%%

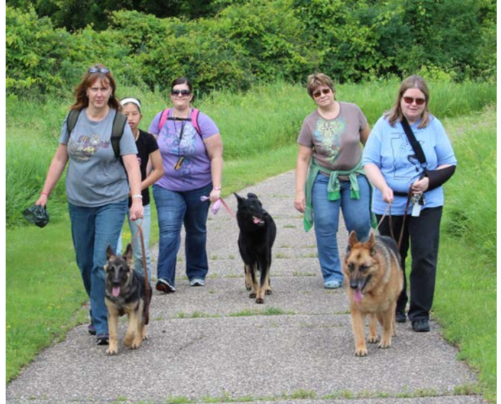
Geocaching at Afton State Park Several years ago.

You can find more information on the CGC test and the Canine Good Citizen Advanced or Community Canine, and the Urban Canine titles on the AKC website www.akc.org .
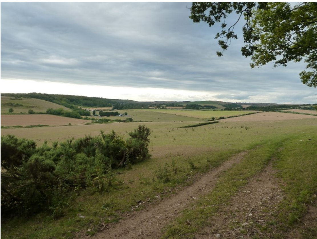
View northwards from the top of Clapham Woods (J.Morris)

The natural drainage pond outside the entrance to Shutters is one of very few examples of permanent water within Clapham. This is probably very significant for wildlife within the area.
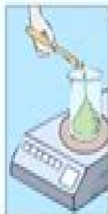
(a) Weighing the sample to be analysed
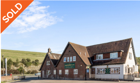
SOLD Newmarket Inn, Old Brighton Road, Lewes,
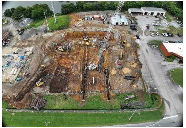
Aerial View from Northwest
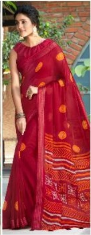
11345 - D
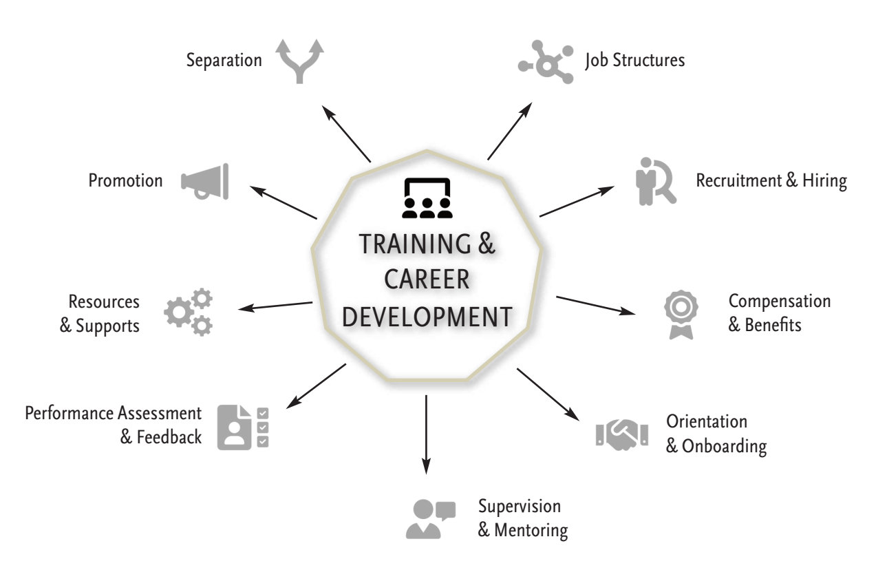
Figure 15: Connecting Innovation in Training and Career Development to New Opportunities for Change in Other Employment Systems

As suggested by Figure 15, innovations introduced to your organization's Training and Career Development System might affect some of the other employment systems. For example, your organization might change some of its benefits options if employees are allowed to work remotely (for example, resources for a home office, etc.).
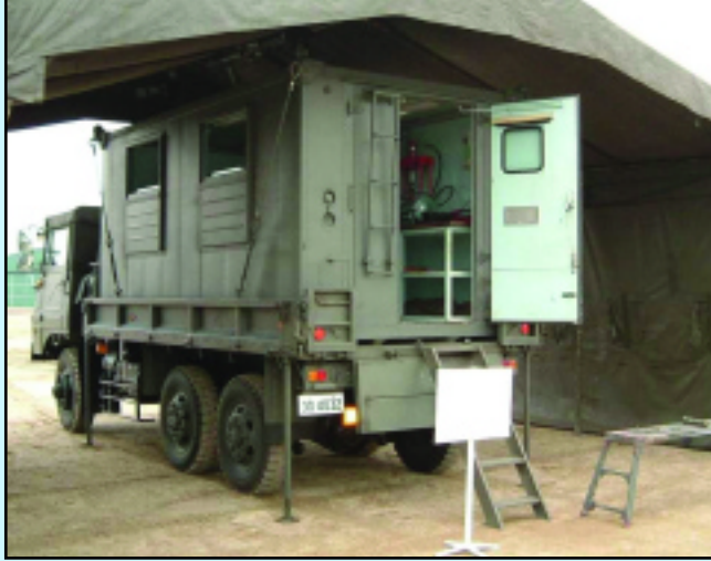
In a field environment, repair parts are made in this type-73 truck-mounted mobile parts fabrication shelter.

Cooperation Law in 1992, Japan began providing support to international disaster relief, humanitarian aid, and United Nations (UN) peacekeeping operations. The JGSDF has dispatched engineer, logistics, and medical contingents in support of international relief and UN efforts around the world, including those in Cambodia, Mozambique, Zaire, and Honduras.
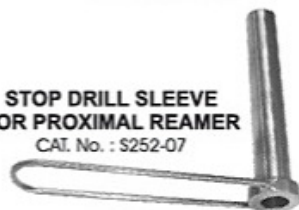
STOP DRILL SLEEVE FOR PROXIMAL REAMER CAT. No. : S252-07
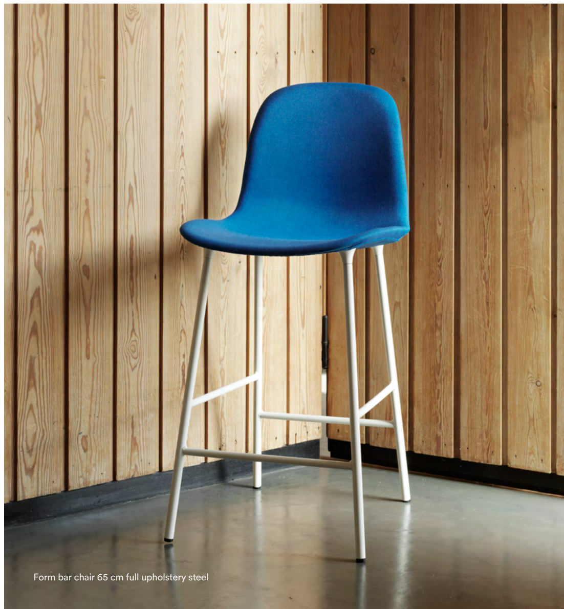
Form bar chair 65 cm full upholstery steel
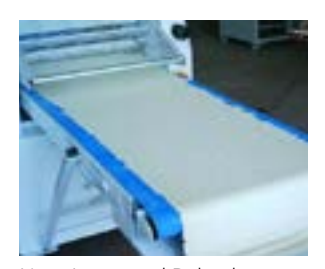
New Ammeraal Beltech light blue belt
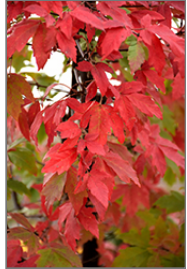
Paperbark Maple in fall

This tree does best in full sun to partial shade. It prefers to grow in average to moist conditions, and shouldn't be allowed to dry out. It is not particular as to soil type or pH. It is somewhat tolerant of urban pollution. This species is not originally from North America.
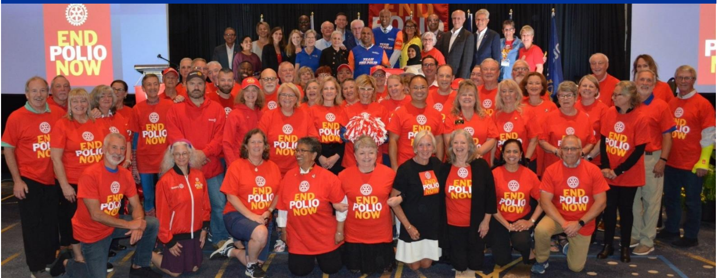
Partners celebrate the Government of Canada's new pledge to the GPEI of Can$ 151 million.
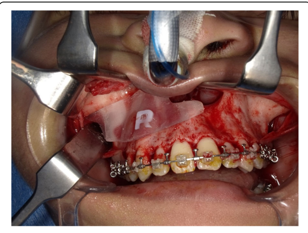
Fig. 3 Intraoperative view of the osteotomy using the three-dimensional device (right side)

We have also created preoperative 3D-printed models of cases for tumors in maxilla and mandible jaw
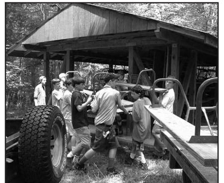
Ordeal Candidates work together to help set up Boxwell Reservation for the upcoming summer.

This is our last chance for the year to induct new members, and they are the lifeblood of our lodge. But, new candidates cannot do it all. We need current members to be there to encourage the new members and get ....continued on page 2

%%

:: TASK DETAILS ::
Would you set down each line of the listing above exactly, apart from the pictures?

:: REPLY TO THE TASK ::
Geocaching at Afton State Park Several years ago.

You can find more information on the CGC test and the Canine Good Citizen Advanced or Community Canine, and the Urban Canine titles on the AKC website www.akc.org .
View northwards from the top of Clapham Woods (J.Morris)

The natural drainage pond outside the entrance to Shutters is one of very few examples of permanent water within Clapham. This is probably very significant for wildlife within the area.
(a) Weighing the sample to be analysed
SOLD Newmarket Inn, Old Brighton Road, Lewes,
Aerial View from Northwest
11345 - D
Figure 15: Connecting Innovation in Training and Career Development to New Opportunities for Change in Other Employment Systems

As suggested by Figure 15, innovations introduced to your organization's Training and Career Development System might affect some of the other employment systems. For example, your organization might change some of its benefits options if employees are allowed to work remotely (for example, resources for a home office, etc.).
In a field environment, repair parts are made in this type-73 truck-mounted mobile parts fabrication shelter.

Cooperation Law in 1992, Japan began providing support to international disaster relief, humanitarian aid, and United Nations (UN) peacekeeping operations. The JGSDF has dispatched engineer, logistics, and medical contingents in support of international relief and UN efforts around the world, including those in Cambodia, Mozambique, Zaire, and Honduras.
STOP DRILL SLEEVE FOR PROXIMAL REAMER CAT. No. : S252-07
Form bar chair 65 cm full upholstery steel
New Ammeraal Beltech light blue belt
Paperbark Maple in fall

This tree does best in full sun to partial shade. It prefers to grow in average to moist conditions, and shouldn't be allowed to dry out. It is not particular as to soil type or pH. It is somewhat tolerant of urban pollution. This species is not originally from North America.
Partners celebrate the Government of Canada's new pledge to the GPEI of Can$ 151 million.
Fig. 3 Intraoperative view of the osteotomy using the three-dimensional device (right side)

We have also created preoperative 3D-printed models of cases for tumors in maxilla and mandible jaw
Ordeal Candidates work together to help set up Boxwell Reservation for the upcoming summer.

This is our last chance for the year to induct new members, and they are the lifeblood of our lodge. But, new candidates cannot do it all. We need current members to be there to encourage the new members and get ....continued on page 2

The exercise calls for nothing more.